Backed by major motor manufacturers and recycling firms including EMR and uRecycle, as well as the University of Warwick and the UK government, a three-year project entitled RECOVAS is looking into improving the reuse, remanufacture and recycling of batteries from end-of-life electric vehicles.

According to an article from specialist publication next greencar, as elsewhere in the world the UK’s electric car market is growing quickly. While numbers are rapidly accelerating with the government bringing forward the incoming ban on new petrol and diesel cars to 2030, they have been growing steadily for many years now and end-of-life electric and hybrid vehicles are entering the recycling stream in ever-growing numbers.

Under current EU law and also post Brexit, manufacturers retain responsibility for the safe disposal of electric car batteries. With that in mind, a new partnership has been launched between European Metal Recycling (EMR) and three vehicle manufacturers (Bentley Motors, BMW and Jaguar Land Rover), the University of Warwick, the Health and Safety Executive, the UK Battery Industrialisation Centre, Autocraft Solutions Group,  Connected Energy, which repurposes electric car batteries, and uRecycle, which will develop the UK’s first commercial-scale recycling facility for automotive battery packs.

Dubbed RECOVAS, the project aims to provide a standardised and reliable route for recycling and repurposing lithium-ion car batteries at a scale that can cope with the expected sales of electric vehicles in the UK. It aims to create a new circular end-of-life supply chain for the electric vehicle industry and is being led by EMR Metals Recycling, a world-leading metal recycler. The project has won grant support from the UK government’s Advanced Propulsion Centre (APC).   

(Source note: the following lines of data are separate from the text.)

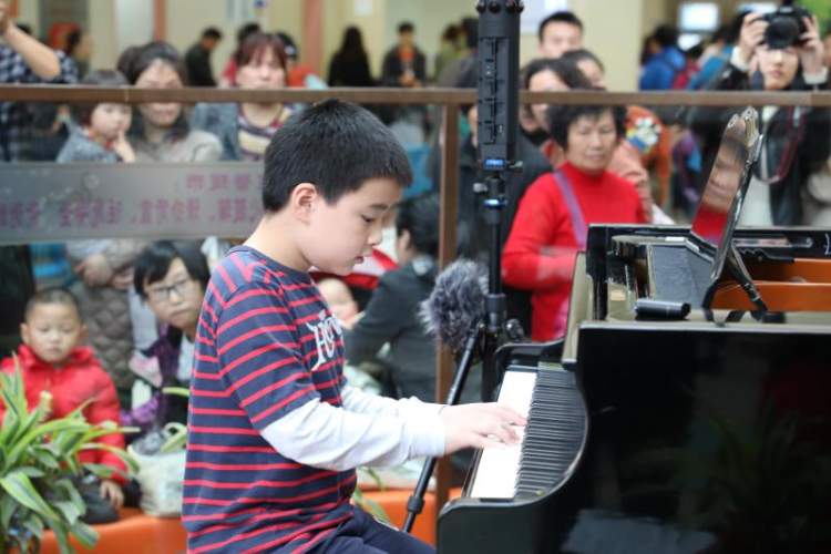下午15时,儿科医院二楼候诊区突然响起优美动听的钢琴曲,《水草舞》、《致爱丽丝》、《F大调小奏鸣曲》……六位儿科医院曾经的小患者如今成为小小志愿者,现场弹奏起动听的钢琴曲目。现场众人,有好奇观看,有循声而来,很快,把钢琴四周围个水泄不通。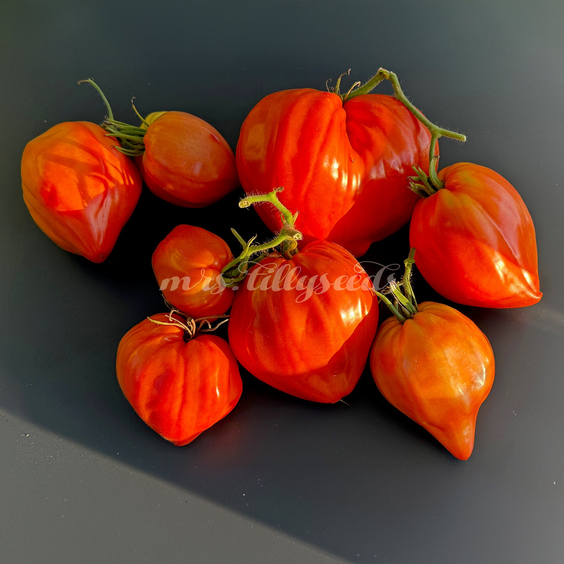 Die Schale leuchtet in warmem Ziegelrot, begleitet von einem samtigen Glanz, der bei Sonneneinstrahlung fast glühend wirkt. Das Fruchtfleisch ist dicht, fleischig und erstaunlich saftig – eine klassische Fleischtomatenstruktur, wie man sie aus alten italienischen Tomatengärten kennt.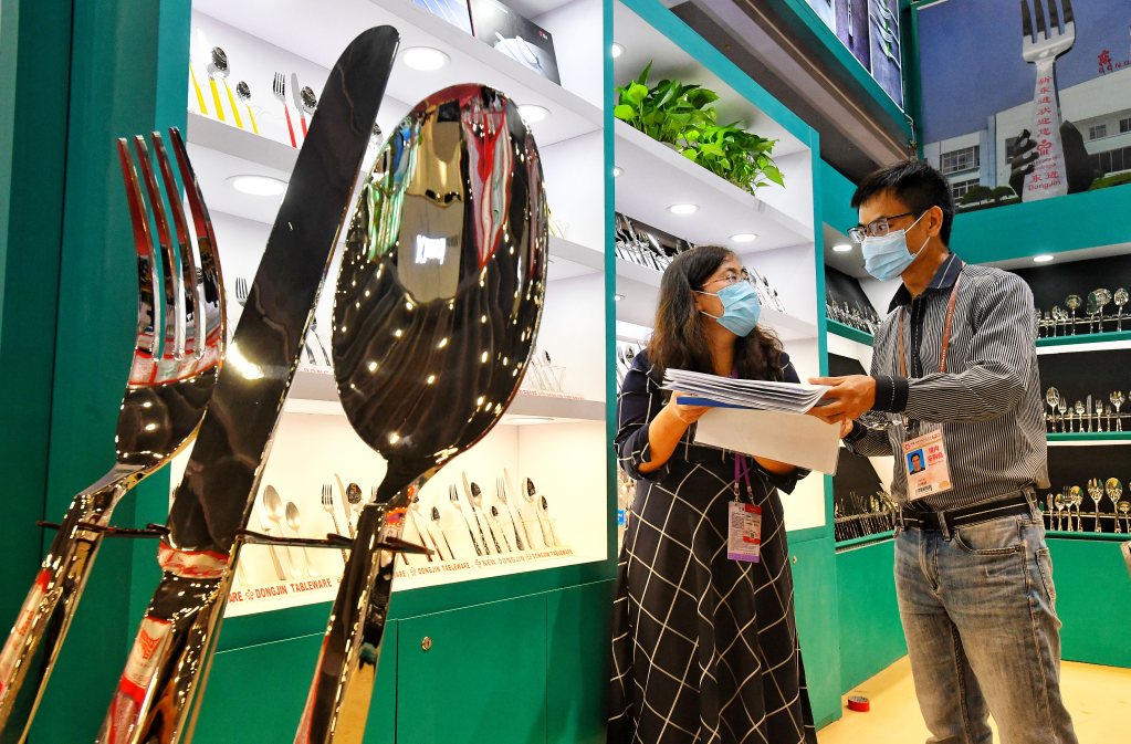 10月15日,一名国内采购商(右)在第130届广交会不锈钢餐具展台洽谈。新华社记者 刘大伟 摄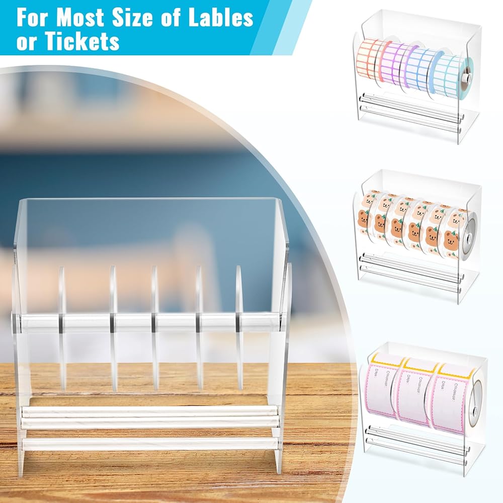 【حافظ على الملصقات منظمة】تم تصميم حامل لفافة الملصقات الخاص بنا بقاعدة أعلى تسمح لأسلاك الطابعة بالمرور عبر حامل الملصق، وتجنب التشابك والفوضى. تساعدك على الحفاظ على الورقة مبطنة بشكل جيد مع الطابعة، وتثبيت الملصقات والملصقات في مكانها دون الانزلاق، مما يسمح لك بوضع لفة ورق الملصق الحراري بشكل أسهل وأسرع. في متجر الأدوات، يمكنك أن ترى أنه غالبًا ما يستخدم كموزع للشريط الحراري وموزع لشريط الأكريليك.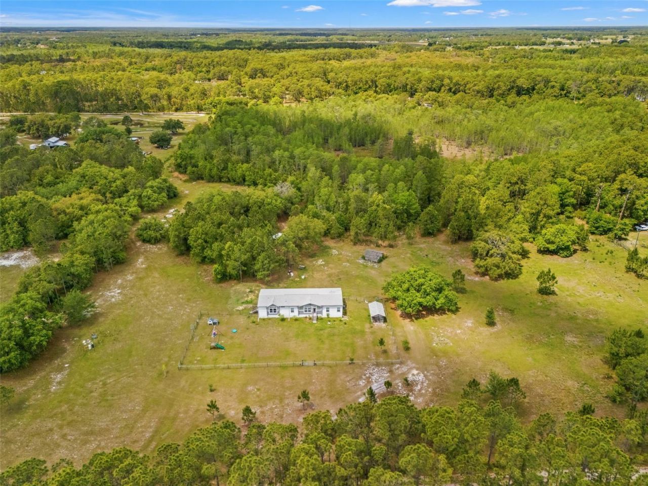 Escape to your own private 20-acre sanctuary in Groveland, where peace and modern comfort meet. This expansive property offers the ultimate Florida lifestyle, featuring a pond and sprawling, partially wooded acreage that provides a stunning backdrop for outdoor activities. The meticulously maintained residence spans over 2,200 square feet and welcomes you with a bright, open floor plan highlighted by high ceilings and stylish rustic accents.The heart of the home is a spacious living area featuring a beautiful wood-plank accent wall and an integrated electric fireplace, perfect for cozy evenings. Large windows throughout the home invite an abundance of natural light and offer serene views of the surrounding greenery. The gourmet-inspired kitchen and dining spaces flow seamlessly, anchored by a charming wooden beam and designer lighting.Retreat to the primary suite, a true oasis boasting a sophisticated board-and-batten feature wall and a spa-like ensuite bathroom. This luxury bath includes dual vanities, chic blue subway tile, and a deep freestanding soaking tub positioned against a weathered wood backdrop for a touch of rustic elegance. Two additional well-appointed bedrooms provide plenty of space for family, guests, or a home office. Outside, the property is a nature lover's dream, complete with fenced areas for pets or gardening and a private deck ideal for morning coffee overlooking your vast estate. With no HOA restrictions and incredible privacy, this 2022-built home offers the freedom and tranquility you've been searching for. Come experience the beauty of 12048 Sherington Place for yourself.

The APC accelerates the industrialisation of technologies, which will help to realise net-zero emission vehicles. It is at the heart of the UK government’s commitment to end the country’s contribution to global warming by 2050. Since its foundation in 2013, APC has funded over 113 low-carbon projects involving more than 290 partners. It claims that the technologies developed in these projects are projected to save over 225 million tonnes of CO2, the equivalent of removing the lifetime emissions from 8.8 million cars.

This latest project started will run for three years, by which time the partners expect the circular supply chain to be operating commercially.

Reuse, Recycling and Remanufacturing

Remanufacturing is the process of repairing and re-engineering existing batteries so they could potentially be used in new cars. Reuse involves giving batteries a second life in stationary storage to help balance the use of the electricity grid during peak use and optimise the use of renewable energy and other applications. The new supply chain will help all partners to triage batteries when they arrive at approved end-of-life vehicle treatment facilities across the UK for either remanufacturing, reuse or – where this is not possible – recycling.

“Our aim is to create a circular supply chain for batteries and, in the process, reduce the cost for end-of-life disposal for the vehicle manufacturer or last owner of the car to zero,” explains Roger Morton, Managing Director for Technology and Innovation at EMR.

“By working in partnership with the RECOVAS consortium, electric vehicle manufacturers will develop simple design changes that greatly improve the potential to remanufacture, reuse or recycle their batteries at end of life. This will help to transform the economics of the electric vehicle market.”

Ian Constance, Chief Executive at the APC, adds: “Recycling of electric vehicle batteries is a principal part of the electric supply chain, so it’s vital that we get it right. The investment in innovative projects like RECOVAS by EMR Metal Recycling, awarded as part of our APC 16 programme, demonstrates the importance of creativity and engineering excellence in the UK’s bid for a sustainable and commercial net-zero future.”

Developing and managing the infrastructure to process end-of-life electric vehicles and their batteries will generate new economic activity for the UK and create over 550 green jobs in the UK within the consortium members and their supply chain.


As part of the project, automotive manufacturers have agreed to share more information about the design and construction of their batteries, allowing the consortium to more effectively and efficiently repurpose or recycle them.

According to Morton, “we have a very strong electric vehicle industry in the UK and it is changing fast. RECOVAS is an essential part of the sustainable rollout of electric vehicles.”

Professor David Greenwood, CEO of the High Value Manufacturing Catapult at the University of Warwick, adds: “We are excited to be involved in RECOVAS. It is an essential initiative for the UK electric vehicle sector.”

The UK government is supporting RECOVAS as part of a £49 million investment in technologies that will help the automotive industry to “go green”. Minister for Business and Industry Nadhim Zahawi MP adds: “Backed by government funding, these trailblazing projects will help the UK to build back better by creating all-important green jobs, ensuring the sector can make further strides towards an electrified automotive future.”